Please repeat the data exactly. Any picture in it stays out.

________________________________________

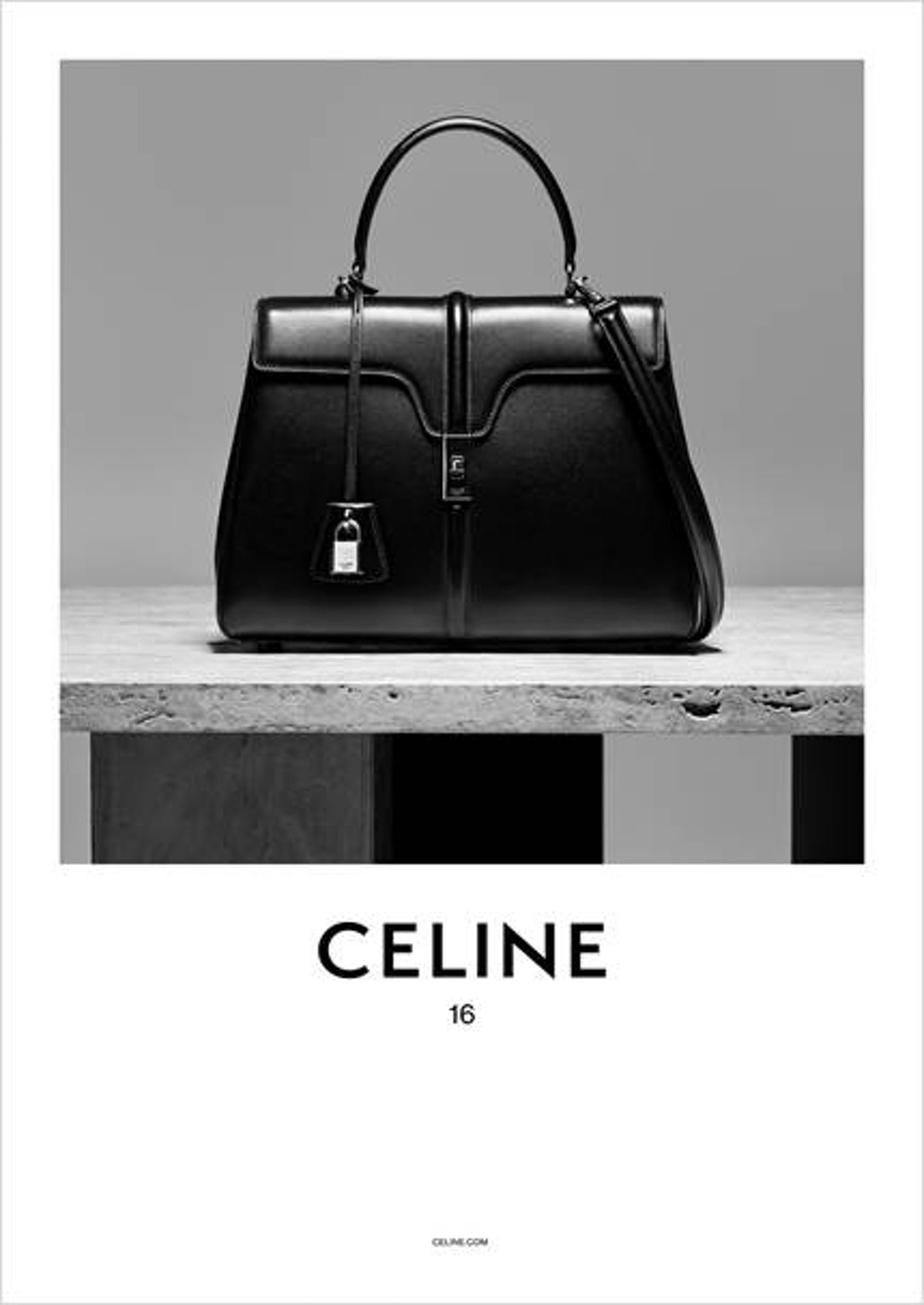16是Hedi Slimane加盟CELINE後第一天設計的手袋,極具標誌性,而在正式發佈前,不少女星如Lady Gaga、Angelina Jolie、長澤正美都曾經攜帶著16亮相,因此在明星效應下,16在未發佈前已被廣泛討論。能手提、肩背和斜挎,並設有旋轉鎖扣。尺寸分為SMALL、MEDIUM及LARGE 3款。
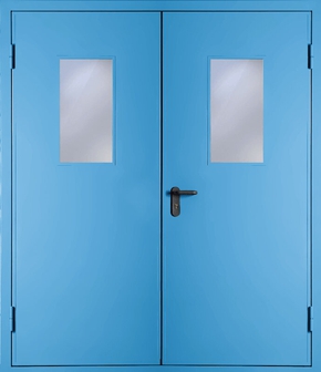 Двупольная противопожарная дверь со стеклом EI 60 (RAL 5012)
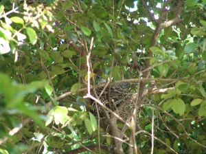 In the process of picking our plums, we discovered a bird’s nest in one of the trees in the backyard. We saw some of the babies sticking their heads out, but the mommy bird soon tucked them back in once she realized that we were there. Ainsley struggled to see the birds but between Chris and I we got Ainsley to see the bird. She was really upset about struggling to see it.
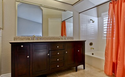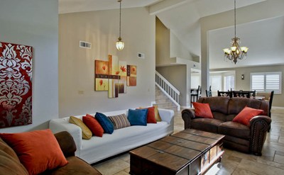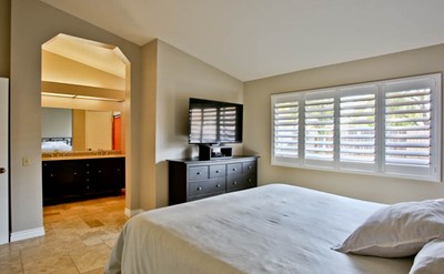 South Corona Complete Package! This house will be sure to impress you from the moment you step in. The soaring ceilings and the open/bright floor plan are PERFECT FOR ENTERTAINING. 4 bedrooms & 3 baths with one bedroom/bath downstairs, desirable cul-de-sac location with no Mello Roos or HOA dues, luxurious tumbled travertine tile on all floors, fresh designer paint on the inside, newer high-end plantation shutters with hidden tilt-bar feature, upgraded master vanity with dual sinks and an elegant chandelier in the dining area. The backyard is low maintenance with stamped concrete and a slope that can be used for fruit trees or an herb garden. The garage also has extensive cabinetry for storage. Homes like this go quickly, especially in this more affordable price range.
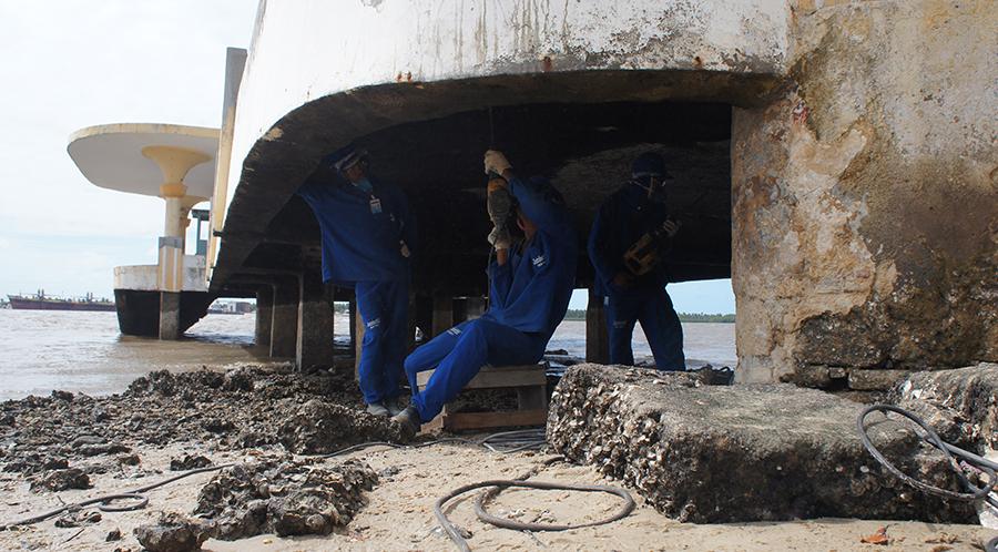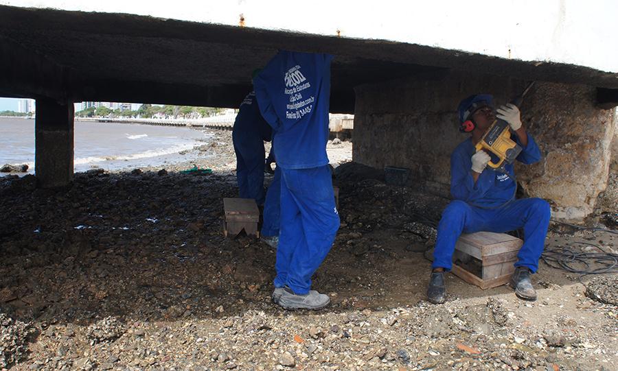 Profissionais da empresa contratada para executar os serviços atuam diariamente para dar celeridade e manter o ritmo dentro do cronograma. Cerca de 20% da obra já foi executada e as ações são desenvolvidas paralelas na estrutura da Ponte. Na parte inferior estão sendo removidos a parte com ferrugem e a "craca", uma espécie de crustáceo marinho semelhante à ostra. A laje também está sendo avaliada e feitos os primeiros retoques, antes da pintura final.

________________________________________

▸ Output of the exercise
16是Hedi Slimane加盟CELINE後第一天設計的手袋,極具標誌性,而在正式發佈前,不少女星如Lady Gaga、Angelina Jolie、長澤正美都曾經攜帶著16亮相,因此在明星效應下,16在未發佈前已被廣泛討論。能手提、肩背和斜挎,並設有旋轉鎖扣。尺寸分為SMALL、MEDIUM及LARGE 3款。
 Двупольная противопожарная дверь со стеклом EI 60 (RAL 5012)
 In the process of picking our plums, we discovered a bird’s nest in one of the trees in the backyard. We saw some of the babies sticking their heads out, but the mommy bird soon tucked them back in once she realized that we were there. Ainsley struggled to see the birds but between Chris and I we got Ainsley to see the bird. She was really upset about struggling to see it.
 South Corona Complete Package! This house will be sure to impress you from the moment you step in. The soaring ceilings and the open/bright floor plan are PERFECT FOR ENTERTAINING. 4 bedrooms & 3 baths with one bedroom/bath downstairs, desirable cul-de-sac location with no Mello Roos or HOA dues, luxurious tumbled travertine tile on all floors, fresh designer paint on the inside, newer high-end plantation shutters with hidden tilt-bar feature, upgraded master vanity with dual sinks and an elegant chandelier in the dining area. The backyard is low maintenance with stamped concrete and a slope that can be used for fruit trees or an herb garden. The garage also has extensive cabinetry for storage. Homes like this go quickly, especially in this more affordable price range.
 Profissionais da empresa contratada para executar os serviços atuam diariamente para dar celeridade e manter o ritmo dentro do cronograma. Cerca de 20% da obra já foi executada e as ações são desenvolvidas paralelas na estrutura da Ponte. Na parte inferior estão sendo removidos a parte com ferrugem e a "craca", uma espécie de crustáceo marinho semelhante à ostra. A laje também está sendo avaliada e feitos os primeiros retoques, antes da pintura final.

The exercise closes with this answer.